The output must start at the line containing "2-Piece Set with" in the records below and stop at the last line, matching each line exactly and leaving out every picture.

•••••

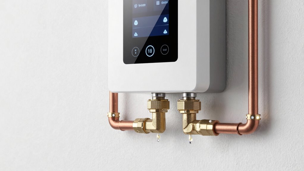 Whole-home water shutoff systems detect leaks using advanced sensors that monitor water flow and moisture levels throughout your plumbing. These sensors are strategically placed in high-risk areas like under sinks, near appliances, or along vulnerable pipes. When a leak is detected, the system automatically triggers an emergency shutoff to stop the water flow instantly. To find out how these systems work seamlessly behind the scenes, keep exploring the details.
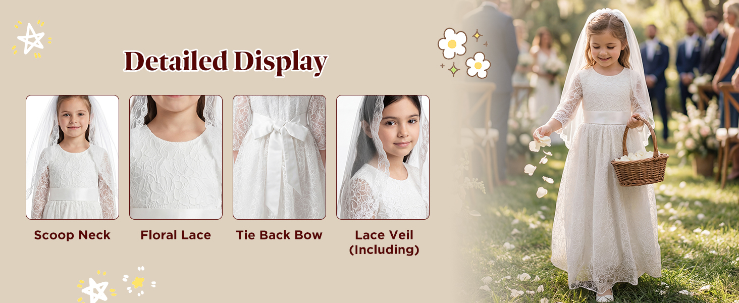 2-Piece Set with Matching Veil: Unlike standard dresses, this first communion dress comes with a beautiful, coordinating lace-trimmed veil. It completes the angelic look instantly, saving you the hassle of finding a matching accessory separately.
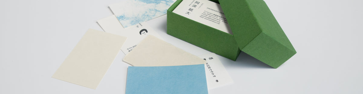 阿波藍で手染めした名刺です。もみ加工した和紙にムラ染めしました。裏面は白い無地の和紙を貼り合わせています。
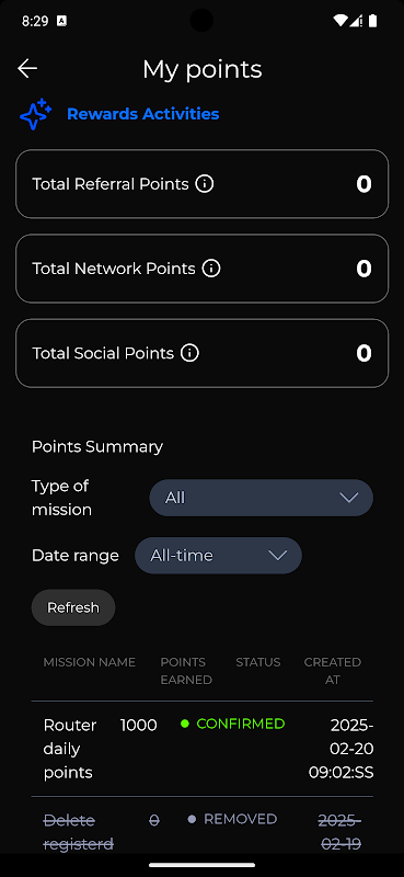 Guadagna punti per il tuo contributo: ricevi premi per la registrazione dei router, la verifica della qualità della rete e il referral di amici.
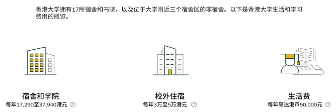 另外,住宿费差距挺大,住宿舍和学院最低17,290港币,而住校外最高5万港元。生活费方面,港大给了一个特定的标准,一年费用高达5万港币。

•••••

Solution:
 2-Piece Set with Matching Veil: Unlike standard dresses, this first communion dress comes with a beautiful, coordinating lace-trimmed veil. It completes the angelic look instantly, saving you the hassle of finding a matching accessory separately.
 阿波藍で手染めした名刺です。もみ加工した和紙にムラ染めしました。裏面は白い無地の和紙を貼り合わせています。
 Guadagna punti per il tuo contributo: ricevi premi per la registrazione dei router, la verifica della qualità della rete e il referral di amici.
 另外,住宿费差距挺大,住宿舍和学院最低17,290港币,而住校外最高5万港元。生活费方面,港大给了一个特定的标准,一年费用高达5万港币。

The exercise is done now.